What the exercise asks »
Only the pictures should be dropped; copy the rest of the entries exactly.

══ Source information ══

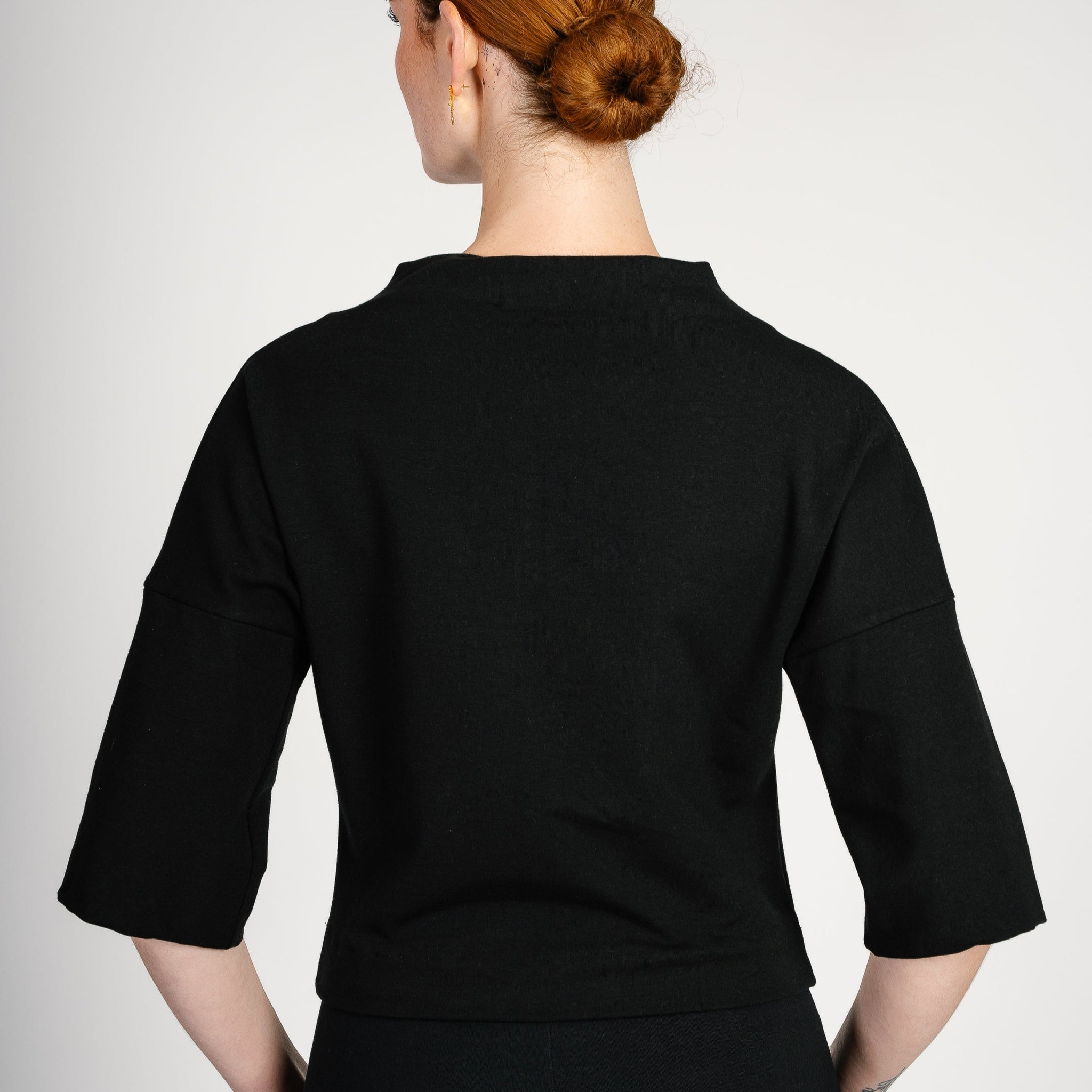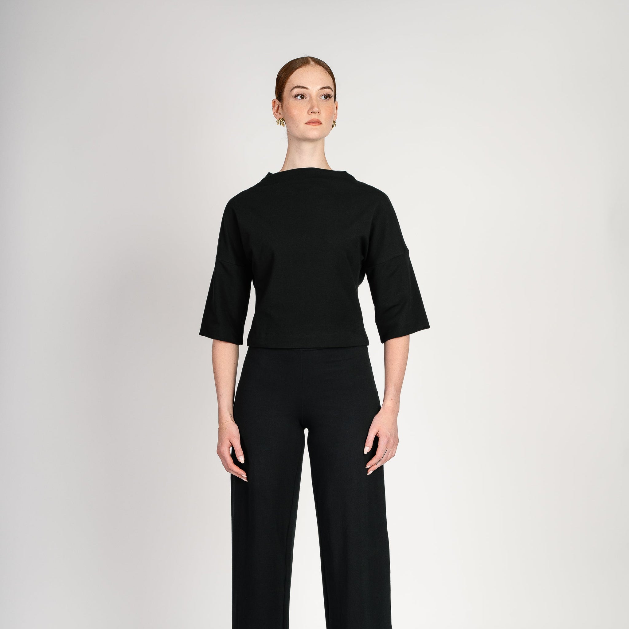 Black long sleeve blouse with a relaxed collar and slightly cropped top. This design is made with organic cotton and spandex heavy weight jersey that gives it nice structure and the look of quiet luxury. It is a great closet staple as it is simple and elegant and can be worn with skirts, trousers, under suit jackets or simply with jeans. Works great as a layering piece or as a simple clean canvas to display your statement Carla Shaw jewelry. A great piece for travelling as it is easy to care for and has minimal wrinkling. Made of organic cotton fabric that is certified to be sustainably grown and free of toxic dyes and finishes. Made in small batches in Massachusetts this is fashion that is ethical and sustainable but also elegant and timeless.
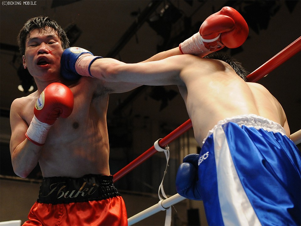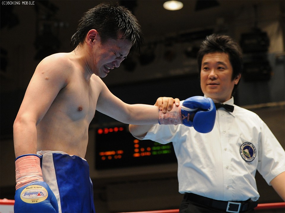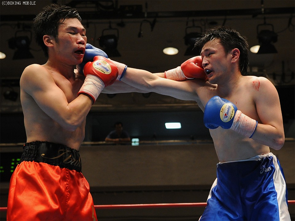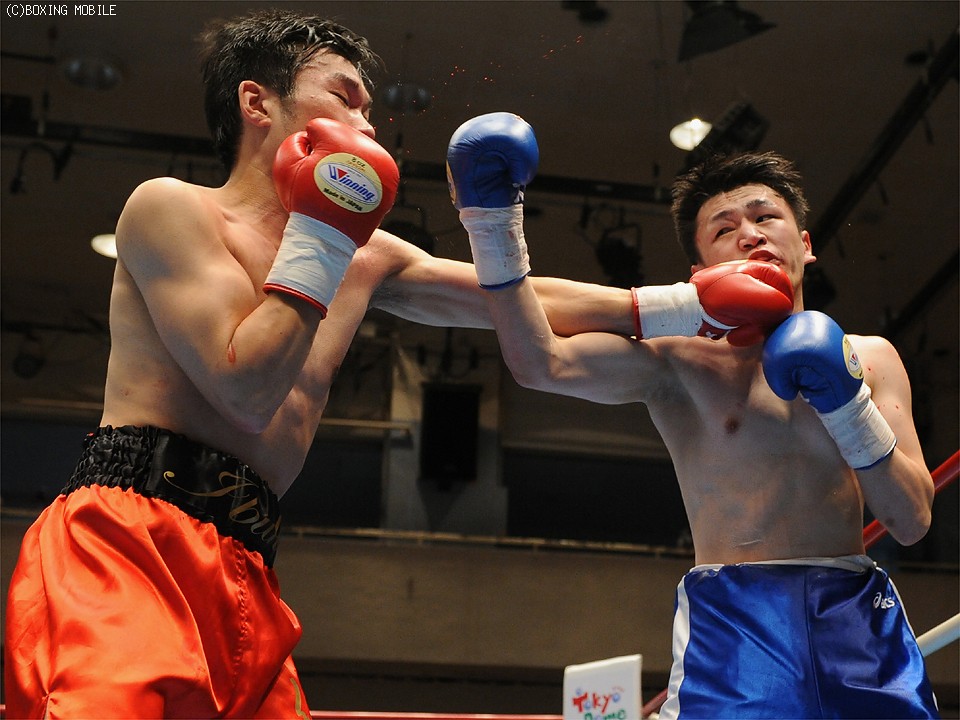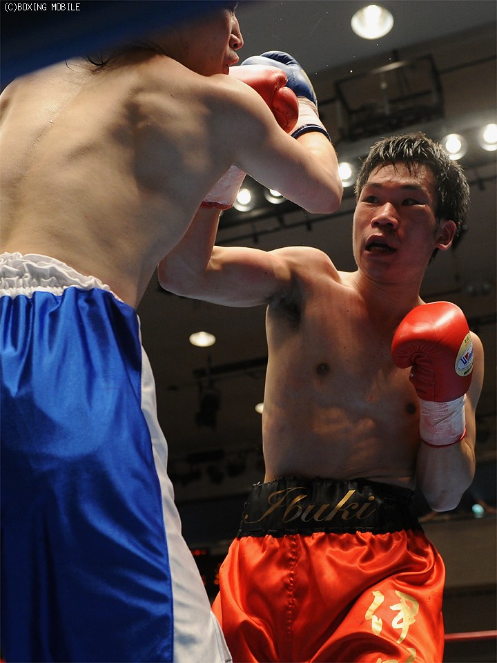 試合:身体を左右に振りながらワンツーを浴びせるサウスポーの佐藤に対し、北出は下がりながらも右ストレートで有効打を奪う。中盤、北出は連打で追い込むが、佐藤も反撃。最終R、開始と共に打ち合いに出る両者。決定打は無いものの、佐藤がデビューから2連勝。
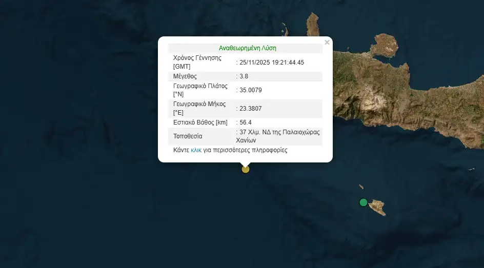 Ειδικότερα, ο σεισμός των 3,8 Ρίχτερ προέρχεται από τον θαλάσσιο εστιακό χώρο που βρίσκεται σε απόσταση 37 χιλιομέτρων νοτιοδυτικά της Παλαιοχώρας στα Χανιά.
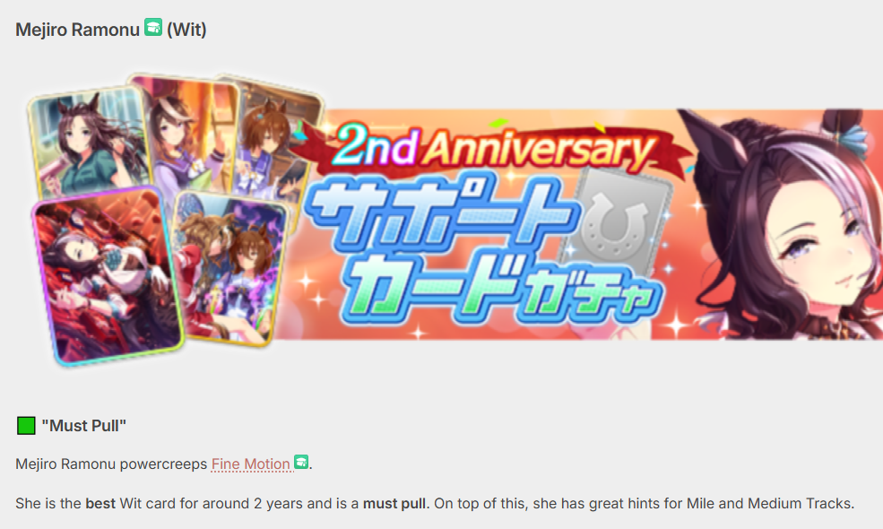 Previous: >>557169002>Global Game NewsLink your account to Cygames iDCurrent Scenario: Aoharu Hai aka "Unity Cup"Current Rate Up Trainee: New Year's Scout (3*)Current Rate Up Support Cards: New Year's Scout (SSR), SSR Sasami Anshinzawa (Pal), SR Tamamo Cross (Guts)Current CM: Capricorn Cup - Chukyo Turf 1200mMain Story Chapter 5 is out01/27 - New Beginnings Part 101/29 - NY Opera & Haru 3*+Fuku SSR+Ayabe SSR02/05 - 02/12 Racing CarnivalMid February - Capricorn Cup - Chukyo Turf 1200mhttps://umamusume.com/news/100040/https://pages.snep.pw/uma/anni-skill-changes/>JP Game NewsCurrent Rate Up: Valentine Taiki Shuttle (3*), Valentine Sounds of Earth (3*), SSR Matikanefukukitaru, SSR Neo UniverseNew Scenario "Yukoma Hot Spring" releasedTimeline: https://uma.moe/timelineCygames Webstore: https://webstore.cygames.com/en/umamusume_en/>Thread Clubshttps://rentry.co/umaglobalclublistYou must be E3 (20k points) to join a circle. Apply with /uma/ or /vg/ in your profile or post ID in the thread.>All Guides & Resourceshttps://rentry.org/uma26Game databaseuma.guideComprehensive guide, still in progresshttps://gametora.com/umamusume (Click the gear to switch between JP / global server info)A basic guide for newfagshttps://rentry.org/umaglobalFind networks if your region is blocked from the game or clienthttps://www.umavpn.top/93Seiyuu & Concertshttps://rentry.org/umstUma Texthttps://umareader.idsmile.xyz/
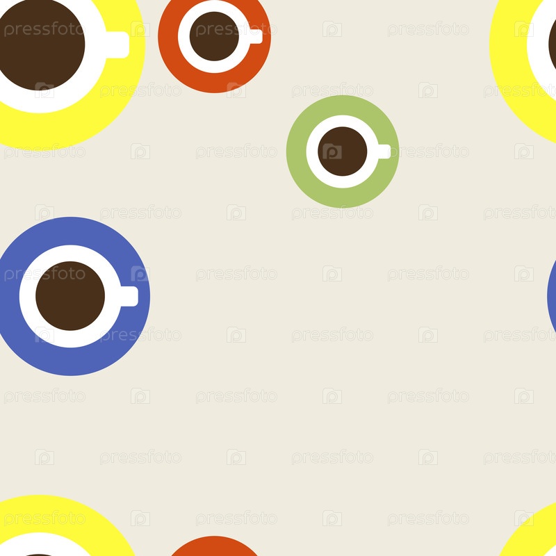 Бесшовный векторный рисунок с цветными чашками для кофе
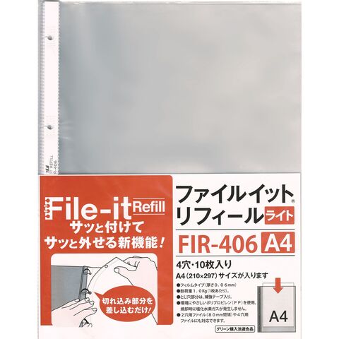 テージー ファイルイット リフィールライト FIR-406|リングファイル ポケット 10枚入り
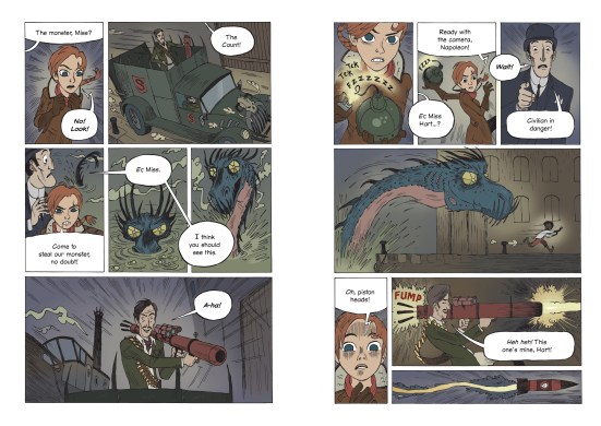 Scarlett Hart is a fun monster-catching adventure romp, with a dieselpunk feel and a spunky young heroine. Thomas Taylor is the original illustrator of Harry Potter and the Philosopher’s Stone, and knows fantasy art. There’s humor, adventure, and fun to be had; a nice start to a new graphic novel series. Give these to your Delilah Dirk readers, and consider re-introducing readers to Shannon, Dean, and Nathan Hale’s Rapunzel’s Revenge and Calamity Jack.

═══

Solution to the exercise »
 Black long sleeve blouse with a relaxed collar and slightly cropped top. This design is made with organic cotton and spandex heavy weight jersey that gives it nice structure and the look of quiet luxury. It is a great closet staple as it is simple and elegant and can be worn with skirts, trousers, under suit jackets or simply with jeans. Works great as a layering piece or as a simple clean canvas to display your statement Carla Shaw jewelry. A great piece for travelling as it is easy to care for and has minimal wrinkling. Made of organic cotton fabric that is certified to be sustainably grown and free of toxic dyes and finishes. Made in small batches in Massachusetts this is fashion that is ethical and sustainable but also elegant and timeless.
 試合:身体を左右に振りながらワンツーを浴びせるサウスポーの佐藤に対し、北出は下がりながらも右ストレートで有効打を奪う。中盤、北出は連打で追い込むが、佐藤も反撃。最終R、開始と共に打ち合いに出る両者。決定打は無いものの、佐藤がデビューから2連勝。
 Ειδικότερα, ο σεισμός των 3,8 Ρίχτερ προέρχεται από τον θαλάσσιο εστιακό χώρο που βρίσκεται σε απόσταση 37 χιλιομέτρων νοτιοδυτικά της Παλαιοχώρας στα Χανιά.
 Previous: >>557169002>Global Game NewsLink your account to Cygames iDCurrent Scenario: Aoharu Hai aka "Unity Cup"Current Rate Up Trainee: New Year's Scout (3*)Current Rate Up Support Cards: New Year's Scout (SSR), SSR Sasami Anshinzawa (Pal), SR Tamamo Cross (Guts)Current CM: Capricorn Cup - Chukyo Turf 1200mMain Story Chapter 5 is out01/27 - New Beginnings Part 101/29 - NY Opera & Haru 3*+Fuku SSR+Ayabe SSR02/05 - 02/12 Racing CarnivalMid February - Capricorn Cup - Chukyo Turf 1200mhttps://umamusume.com/news/100040/https://pages.snep.pw/uma/anni-skill-changes/>JP Game NewsCurrent Rate Up: Valentine Taiki Shuttle (3*), Valentine Sounds of Earth (3*), SSR Matikanefukukitaru, SSR Neo UniverseNew Scenario "Yukoma Hot Spring" releasedTimeline: https://uma.moe/timelineCygames Webstore: https://webstore.cygames.com/en/umamusume_en/>Thread Clubshttps://rentry.co/umaglobalclublistYou must be E3 (20k points) to join a circle. Apply with /uma/ or /vg/ in your profile or post ID in the thread.>All Guides & Resourceshttps://rentry.org/uma26Game databaseuma.guideComprehensive guide, still in progresshttps://gametora.com/umamusume (Click the gear to switch between JP / global server info)A basic guide for newfagshttps://rentry.org/umaglobalFind networks if your region is blocked from the game or clienthttps://www.umavpn.top/93Seiyuu & Concertshttps://rentry.org/umstUma Texthttps://umareader.idsmile.xyz/
 Бесшовный векторный рисунок с цветными чашками для кофе
 テージー ファイルイット リフィールライト FIR-406|リングファイル ポケット 10枚入り
 Scarlett Hart is a fun monster-catching adventure romp, with a dieselpunk feel and a spunky young heroine. Thomas Taylor is the original illustrator of Harry Potter and the Philosopher’s Stone, and knows fantasy art. There’s humor, adventure, and fun to be had; a nice start to a new graphic novel series. Give these to your Delilah Dirk readers, and consider re-introducing readers to Shannon, Dean, and Nathan Hale’s Rapunzel’s Revenge and Calamity Jack.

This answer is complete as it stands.